Monday, March 7, 2011

Those hands, or the eyes.

I'm not sure which it is. Those hands, or the eyes.


    When I make a fist, his hand completely covers mine. I've never been one that needed protection, in fact one of my tragic flaws is how overly independent I am. I can't stand having to rely on someone else. But when he holds my hand, I feel safe. I feel comforted and taking care of. I feel calm.
    But it's not just when you hold my hand... it's what you do with those hands. Watching them move over the piano and hearing the sounds they play is enough to melt my former icy heart. You use your hands to share your soul, there is nothing more beautiful. I could watch them move all day. And that night, you have no idea what your hands did to me that night.

    The eyes. I've also been one to fall for deep brown eyes... the kind that show depth and understanding. I can't even describe the color of his eyes though. Greens and yellows, the kind that stand out from everyone else... I can't come up with any words to give them justice. There are three times those outrageous eyes stood out to me and broke me of my love for brown eyes forever.

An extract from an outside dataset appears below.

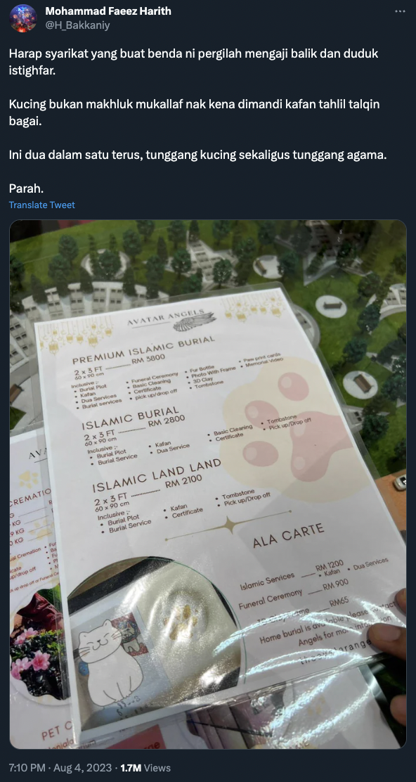 Menerusi ciapan tersebut, kelihatan seorang individu di Twitter berkongsi pakej mengebumikan bangkai kucing mengikut syariat Islam.

    1. You were playing the piano, the song you wrote for your uncle, and I was dancing. Completely immersed in my own world of trying to create choreography. By this point I barely even noticed you were still in the room... then I turned around and saw you watching me. Those eyes bored straight into mine and I just stopped. It took a couple second to recover and then I know I must of shyed away from habit. But the way you looked at me stuck with me the rest of the time spent in that room, I can still imagine that moment when I'm in my classes and rehearsals wishing everyone else was gone and it was just us two in the room again.
    2. The night we were alone and cuddling. After a while you ended up laying on top of me and you pulled away and stared straight into my eyes as you lowered yourself to kiss my stomach. You dragged that moment out to be the longest of stares. I could tell there were so many things behind that stare, some that I could pick up on and were meant to understand, and others that were meant to be private but generally understood. The honesty and mystery behind that look, it's the look I long for.
    3. The first time you saw me in public after our couple experiences of alone time. You walked in through the door and saw me sitting in the comfy chairs. I don't think you meant to show it as much as you did, but it happened. As soon as you saw me your eyes lit up and and the hugest smile took over your face. It was like a flash... not the kind of panic that is easy to pick up on in a person... but the kind that shows excitement and interest. I know for a fact you were happy to see me... and that makes me happier than you know.



Maybe it's not the hands, or the eyes. I'm starting to think it's everything; cause I could go on about your voice, the stories, the way you dress, and even that hair. Let's not lie, I love that damn hair. So that's what I'm settling on... everything. Everything about him isn't perfect, but right. Exactly right for me.